Denial is a defense mechanism postulated by Sigmund Freud (an Austrian Jewish neurologist), in which a person is faced with a fact that is too uncomfortable to accept and rejects it instead, insisting that it is not true despite what may be overwhelming evidence. The subject may use:
  • simple denial - deny the reality of the unpleasant fact altogether
  • minimisation - admit the fact but deny its seriousness (a combination of denial and rationalisation), or
  • projection - admit both the fact and seriousness but deny responsibility
I chuckled when I read the definition of denial in Wikipedia. How funny it was to find something that speaks so true of yourself.
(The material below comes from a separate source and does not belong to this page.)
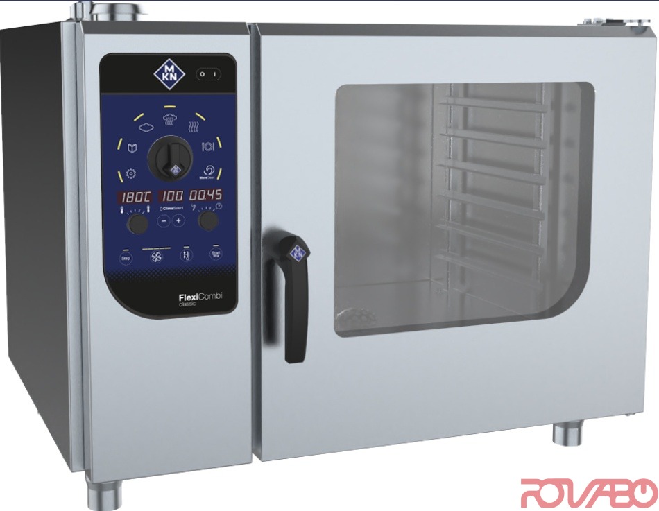 Housing of corrosion-resistant chromium-nickel steel. Capacity: 6xGN2/1; or 6 FlexiRack® (530x570 mm) due to which MKN oven is 50% more added value as compared to MKN GN1/1 combisteamers. Manual cooking: 6 types (soft steaming, steaming, express steaming, convection, combisteaming, regeneration). Operating modes: convection 30–250°C, steaming 30–130°C (incl. soft & express steaming), combisteaming 30–250°C. 100 cooking processes can be saved in up to 6 steps. Pros: auto-reverse fan operation - 5 fan speeds; PHIeco DynaSteam2 steam control for consistent, ideal food quality; multipoint core temperature probe – option (single-point core temperature probe as standard); ClimaSelect – climate control in 25 % steps; heat exchanger; cooking chamber door with insulated triple glazing; WaveClean® automatic cleaning system (cartridge) - option; integrated hand shower; integrated grease separation system without filter; USB interface; height adjustable stainless steel appliance feet; halogen cooking chamber lighting. Additional features: Ready2Cook preheating, cooling down, preparing ideal climate without opening the doors; Digital fan forced burner technology for gas appliances.

What am I denying then? I'm afraid I can't talk about it here. I can't even admit it in front of my closest friends, but I think, people who know me for a long time now would be able to tell if I'm just denying something or if I'm really telling the truth. I can say to myself that I'm pretty good at having conviction on something that I would want everybody to believe in that I can even convince myself. But, a truth suppressed will just be more obvious the more you hide it, especially if it's about feelings. Ooops... I might be giving away too much already. I know in time, I'd be ready to admit this.

In time.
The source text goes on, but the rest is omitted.